Decided May 28, 2026
- Full case name: Flowers Foods, Inc. v. Brock
- Docket no.: 24-935
- Citations: 608 U.S. ___ (more)

Holding
- A worker who contributes to the intrastate leg of an interstate journey can qualify for the Federal Arbitration Act's exemption under Section 1 without crossing state lines or interacting with any vehicles that do.

Court membership
- Chief Justice John Roberts Associate Justices Clarence Thomas · Samuel Alito Sonia Sotomayor · Elena Kagan Neil Gorsuch · Brett Kavanaugh Amy Coney Barrett · Ketanji Brown Jackson

Case opinion
- Majority: Gorsuch, joined by unanimous

Laws applied
- Federal Arbitration Act

= Flowers Foods, Inc. v. Brock =

Flowers Foods, Inc. v. Brock, , was a United States Supreme Court case in which the court held that a worker who contributes to the intrastate leg of an interstate journey can qualify for the Federal Arbitration Act's exemption under Section 1 without crossing state lines or interacting with any vehicles that do.

==Background==

The Federal Arbitration Act (FAA) requires courts to enforce many private arbitration agreements, but Section 1 of the act also provides that "nothing" in the law shall be used to compel arbitration in disputes involving the "contracts of employment" of any class of workers "engaged in... interstate commerce."

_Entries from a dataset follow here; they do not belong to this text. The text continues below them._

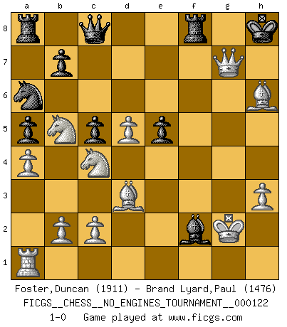 Last move : 1-0 2022 October 19 17:51:32 [Event "FICGS__CHESS__NO_ENGINES_TOURNAMENT__000122"] [Site "FICGS"] [Date "2022.07.17"] [Round "1"] [White "Foster,Duncan"] [Black "Brand Lyard,Paul"] [Result "1-0"] [WhiteElo "1911"] [BlackElo "1476"] 1.e4 e5 2.Nf3 Nc6 3.d4 d6 4.d5 Nb8 5.h3 Nf6 6.Bd3 c5 7.Nfd2 Be7 8.Nc3 a5 9.Nc4 O-O 10.a4 g6 11.Bh6 Re8 12.O-O Nh5 13.Nb5 Na6 14.f4 Bxh3 15.gxh3 Ng3 16.Rf2 Bh4 17.fxe5 dxe5 18.Qg4 Nxe4 19.Rxf7 Bf2+ 20.Kg2 Qc8 21.Rg7+ Kh8 22.Qxe4 Rf8 23.Rxh7+ Kxh7 24.Qxg6+ Kh8 25.Qg7+ 1-0 Scotch Opening Kingside Castling by player Black (move 9) Kingside Castling by player White (move 12) Player White won this chess game. Follow this game move after move (download)I look one move ahead... the best ! (Siegbert Tarrasch) Im Leben werden Partien nie so unstrittig gewonnen wie im Spiel (Emanuel Lasker) Cuando no sepas que mover, espera por una idea que se le venga a la la cabeza de tu oponente. Tenlo por seguro de que esa idea estará incorrecta. (Siegbert Tarrasch) J'ai vu le vaincu d'Echecs jouer des années durant dans l'espoir de la fête de la victoire. Car tu es plus riche de ce qu'elle existe si même elle n'est point pour toi. Ainsi de la perle du fond des mers. (Antoine de Saint-Exupéry) There are two major products that came out of Berkeley: LSD and UNIX. We do not believe this is to be a coincidence. (Jeremy S. Anderson)
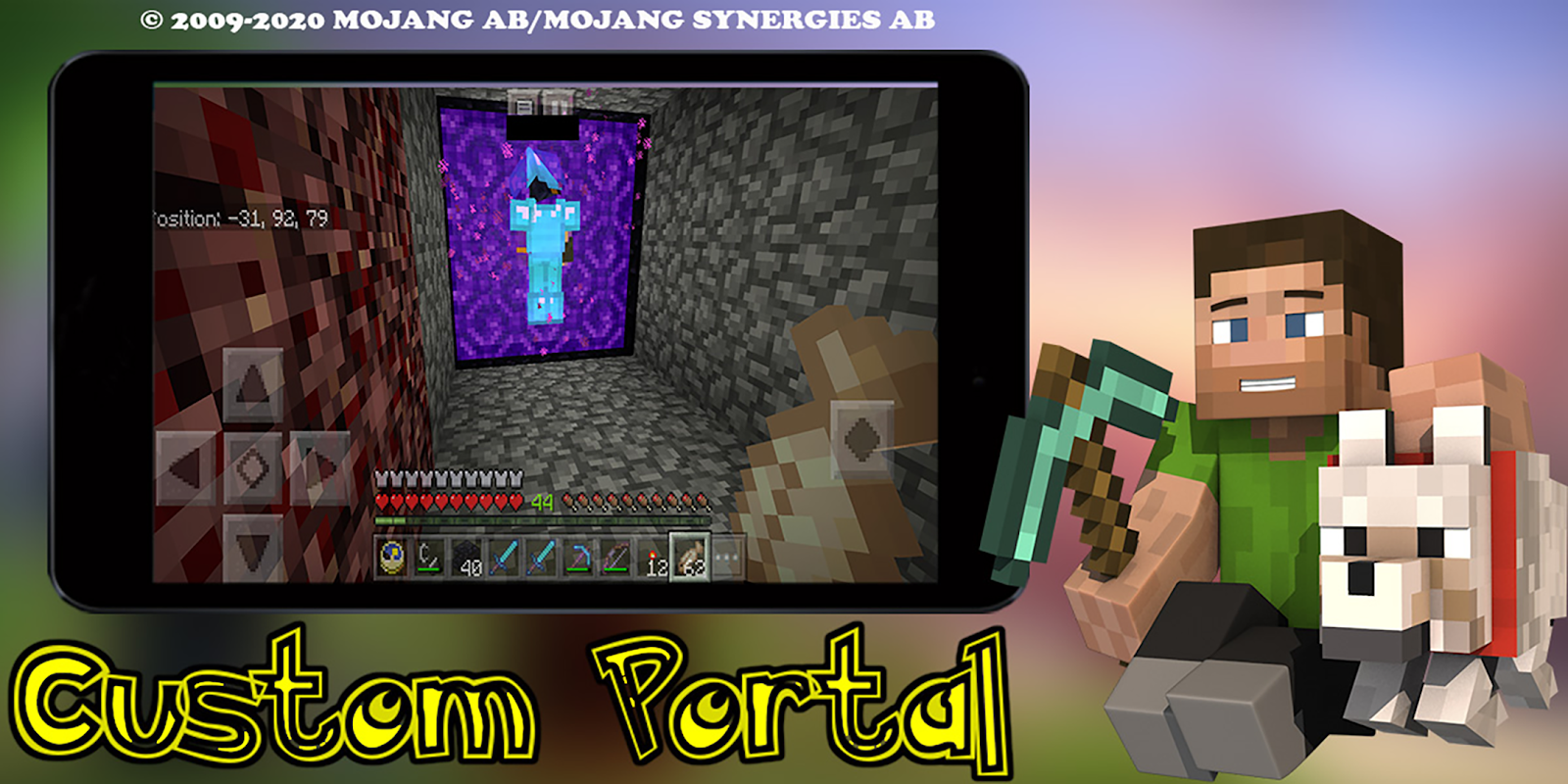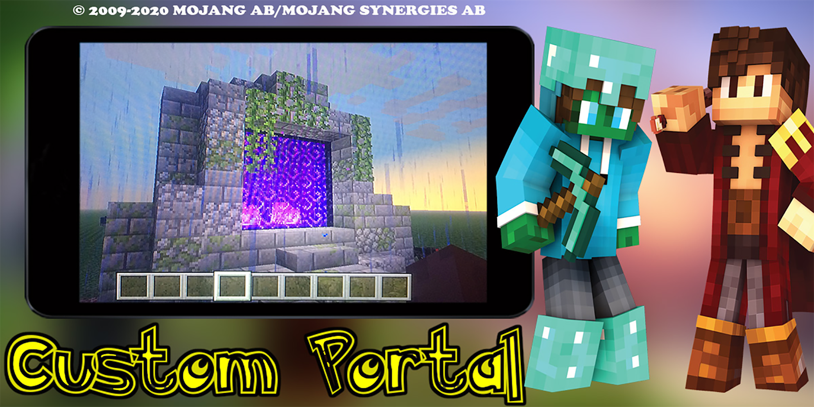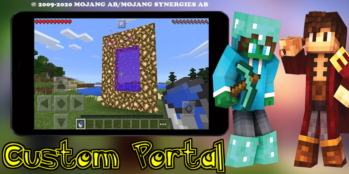 1. This app add such mods, maps, skins, textures for mcpe as: Custom Portal Mod, Mega TNT Mod and Rainbow Nether Portal Mod
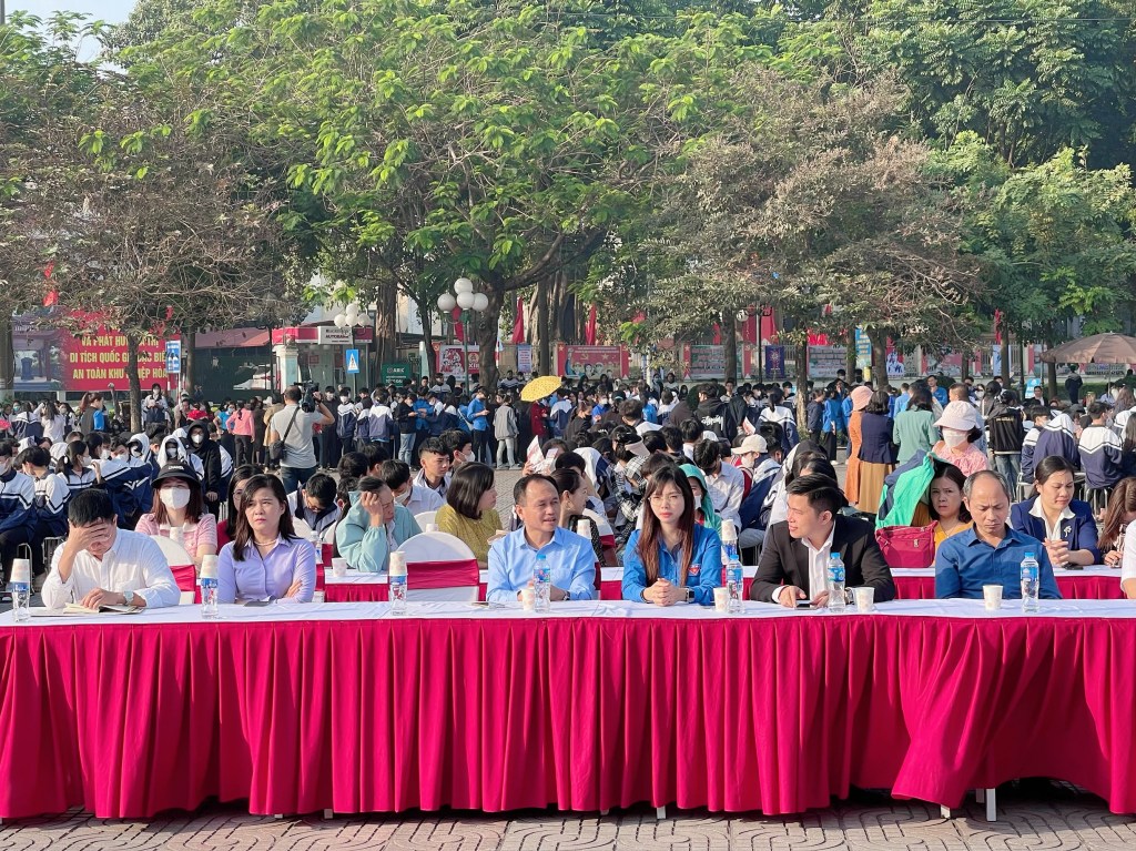 Đến dự tham dự chương trình có các đồng chí Lãnh đạo Trung tâm Giới thiệu việc làm tỉnh, lãnh đạo UBND huyện, Huyện đoàn, Phòng Lao động, thương binh và xã hội, Hội LHPN, Hội Nông dân, Phòng GD&ĐT và lãnh đạo UBND các xã, thị trấn, Bí thư, Phó Bí thư và hơn 4.000 đoàn viên thanh niên của Đoàn các xã, thị trấn, các trường THPT, Trung tâm GDNN-GDTX trên địa bàn huyện.
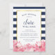 Chicens babyduschinbjudningar har en fetstilt marin blå och vit rand-bakgrund, faux guld foil gräns och en grund gräns av rosa vattenfärgsblommor. Anpassa med dina babyduschdetaljer i marinskriften.
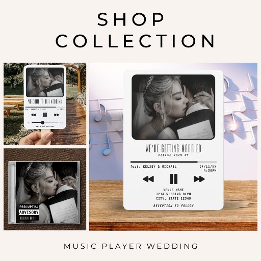 Music mp3 player wedding save the date card with photo. Personalise it with your event details and a picture of the bride and groom.
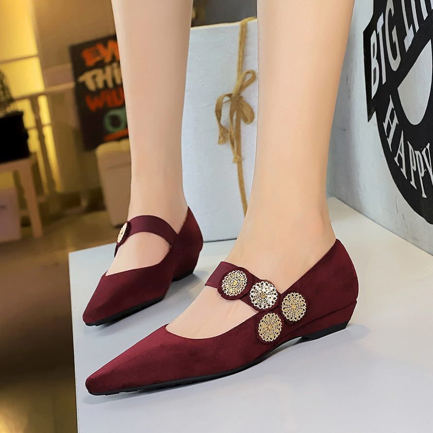 BIGTREE 3683-1K92 retro style versatile wedge heel suede low heel metal decoration one word with shallow mouth pointed women’s single shoes
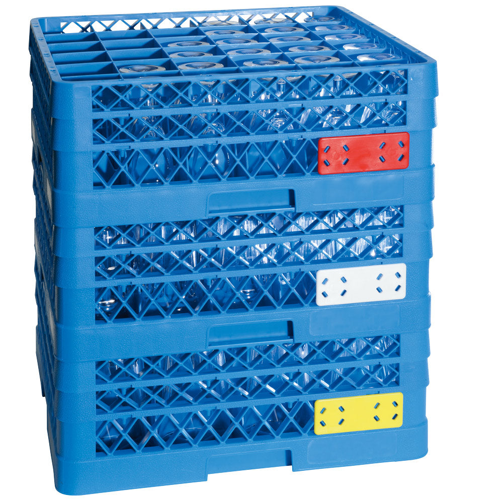 Ein Beispiel für mögliche Markierungen: kleine Weingläser in gelb markierten Kisten und Sektgläser in weiß markierten Kisten. Die Liefereinheit umfasst 1 Stück. Verschiedene Farben vorhanden.
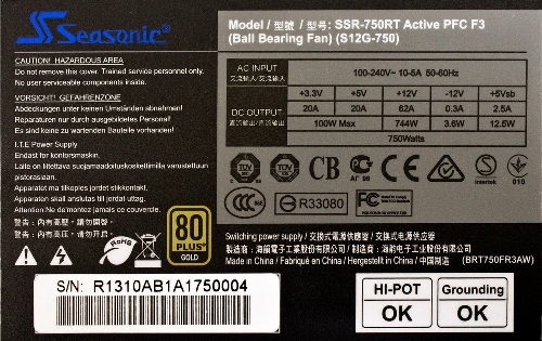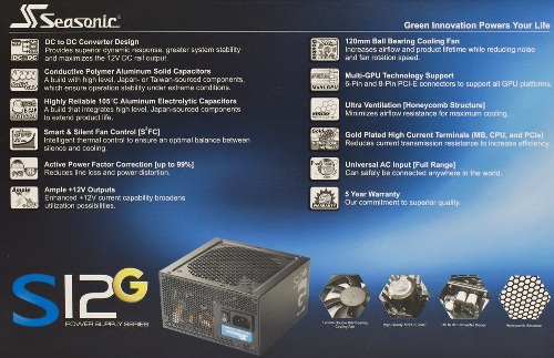 Та й тильна сторона ніяких відмінностей від продуктів серії «G» не має, тому для ідентифікації виробів серії «S» виробникові довелося розмістити на їх боковинах спеціальну наклейку з написом «S12G», яка красномовно говорить про те, що джерело енергії «Seasonic SSR-750RT 750W» є заміною застарілої серії «S12II Bronze» шляхом установки на неї схемотехніки від «золотої» серії «G».
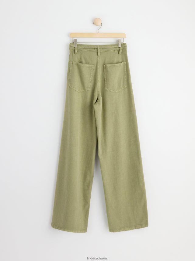 un pantalon en sergé de coton doux avec une jambe extra large et des poches plaquées à l’arrière.
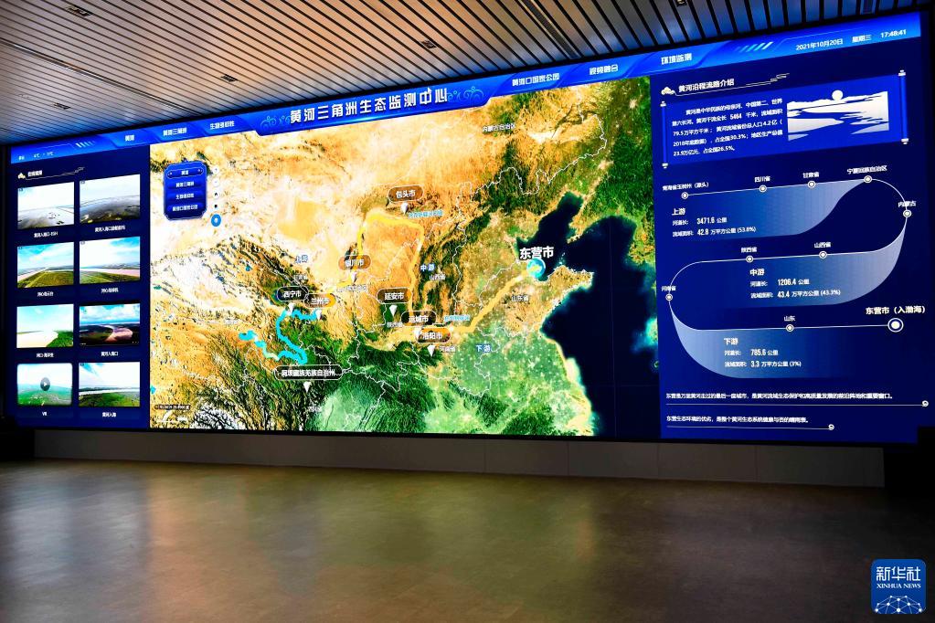 这是山东黄河三角洲国家级自然保护区黄河三角洲生态监测中心智慧大屏(10月20日摄)。

Flowers Foods, Inc., was a large producer of packaged baked goods with bakeries in 19 States. To get its products to market, the company depended in part on franchisees who bought the distribution rights to Flowers's products in specific geographic territories. Angelo Brock was one such franchisee serving the Denver area; he picked up Flowers's products from a warehouse in Colorado and delivered them to local stores, all without leaving the State. In 2022, Brock sued Flowers in federal district court alleging that the company had underpaid him and other distributors in violation of various federal and state laws. Flowers moved to compel arbitration, arguing that the FAA generally requires courts to stay or dismiss cases when the parties have agreed to resolve their disputes by arbitration and that Brock had signed a distribution agreement promising to arbitrate any disagreement. The district court denied Flowers's motion, and the Tenth Circuit Court of Appeals affirmed. Resting its decision on Section 1, the Tenth Circuit reasoned that Brock belonged to a class of workers engaged in interstate commerce and thus the court lacked authority to compel arbitration.

The case posed the question whether someone can qualify as a worker under the §1 exemption if they never crossed state lines and never interacted with vehicles that did.

The Supreme Court granted certiorari.

==Opinion of the court==

The Supreme Court issued an opinion on May 28, 2026.